RJC: I am not sure if I can remember the data very well, but I was working with paradigms that I learned from Elvira and I was trying to come up with a very logical description of the morphology. And it turns out that when you look at the representation of some words it is very straight forward: there is part one, two and three and they sound the same in either present tense or preterit. But then there was some verbs that looked like they had an underlying /w/ that was phonetically a [v] that in the preterit would turn into a velar [ŋ]. And, I thought well it's underlyingly a /w/ its phonetically a [v] and in another form it is an [n], what kind of segment could that possibly be? So because of the influence of an article by Sol Saporta in Spanish where he talked about the problem of palatal l and l and y in Spanish, in words like [mil] "thousand" and [miyón] "million" [this article], I came up with the idea that what that segment was could probably be a /ŋw/ a velar nasal with a labial release. So that would explain why Hueyapan Nahuatl had the present tense form [noga:va] "I stay", and the preterit form  [onoga:ŋ] "I stayed". 

MPH: Then another really important thing you've done has been the foundation course. How did that come about?

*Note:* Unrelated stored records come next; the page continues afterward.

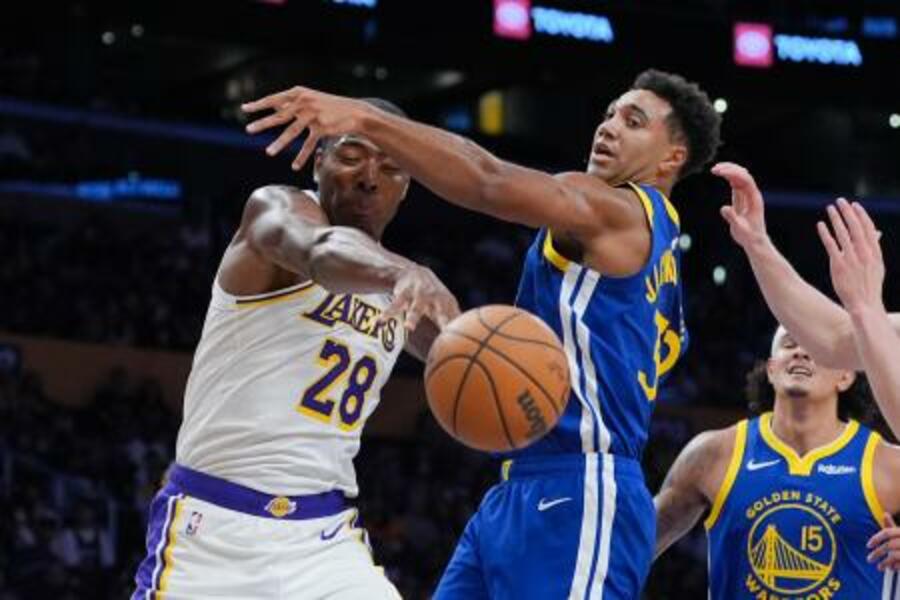 ウォリアーズとのオープン戦でルーズボールを競り合うレーカーズの八村塁(左)=12日、ロサンゼルス(AP=共同)
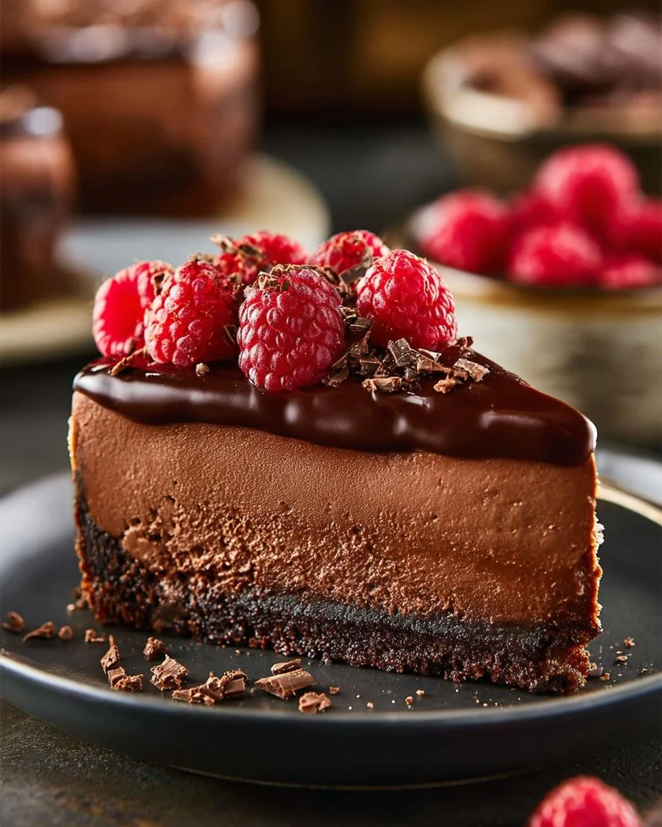 Serve chocolate cheesecake chilled and cut into slices. You can add fresh raspberries or chocolate shavings on top for a beautiful presentation. It pairs well with a cup of coffee or a glass of milk.
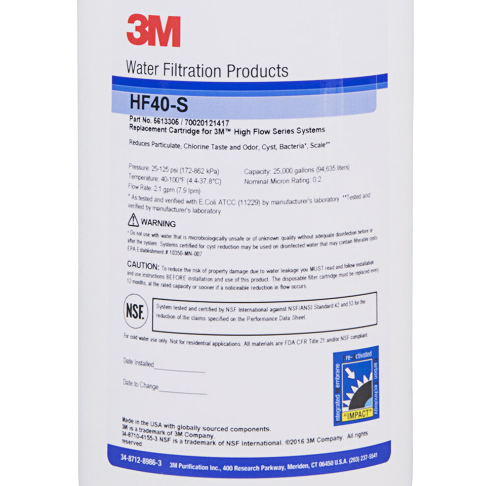 Replace the used filter cartridge in your compatible filtration system with this 3M Water Filtration Products HF40-S cartridge.

RJC: When I went back, well I went from San Antonio to Nebraska and stayed in Nebraska for two years, and then I went back to Indiana. And they had the Nahuatl course waiting for me when I got there and asked me to do that. And so, I didn't have a textbook, and I thought, rather than do a sort of struggling course the way I did in the early 70s, I thought what I ought to do would be to write simply a series of disconnected lessons, starting with the most simple things and doing lots of exercises where people had to do recognition and recall. And I started writing as many lessons as it took to get through the semester. And as I gave the course a couple of times more during the 80s, I wrote more and more lessons. -- Not a lot of explanation, because the explanations were mainly things that I did in class. But I gave them a lot of heavy take-home stuff to work on and come back and build up their memory on things. And as a matter of fact in 1987, I had already shown this rather big stack of exercises to Fran Karttunen who had been a friend of mine for a long long time. And at one point Fran said - that was in 1987 - she was going to have a government funded institute in the summer of ’89, and would I teach the modern dialect and she would do the classical track and could we use a selection from my set of exercises. And if we could, she would supply a denser set of explanations so it would be easier to work on at home; and she would also put in the vowel length which I had not taken the trouble to do. And that's what we did, we used it for a six week National Endowment for the Humanities Summer Institute in Austin Texas. 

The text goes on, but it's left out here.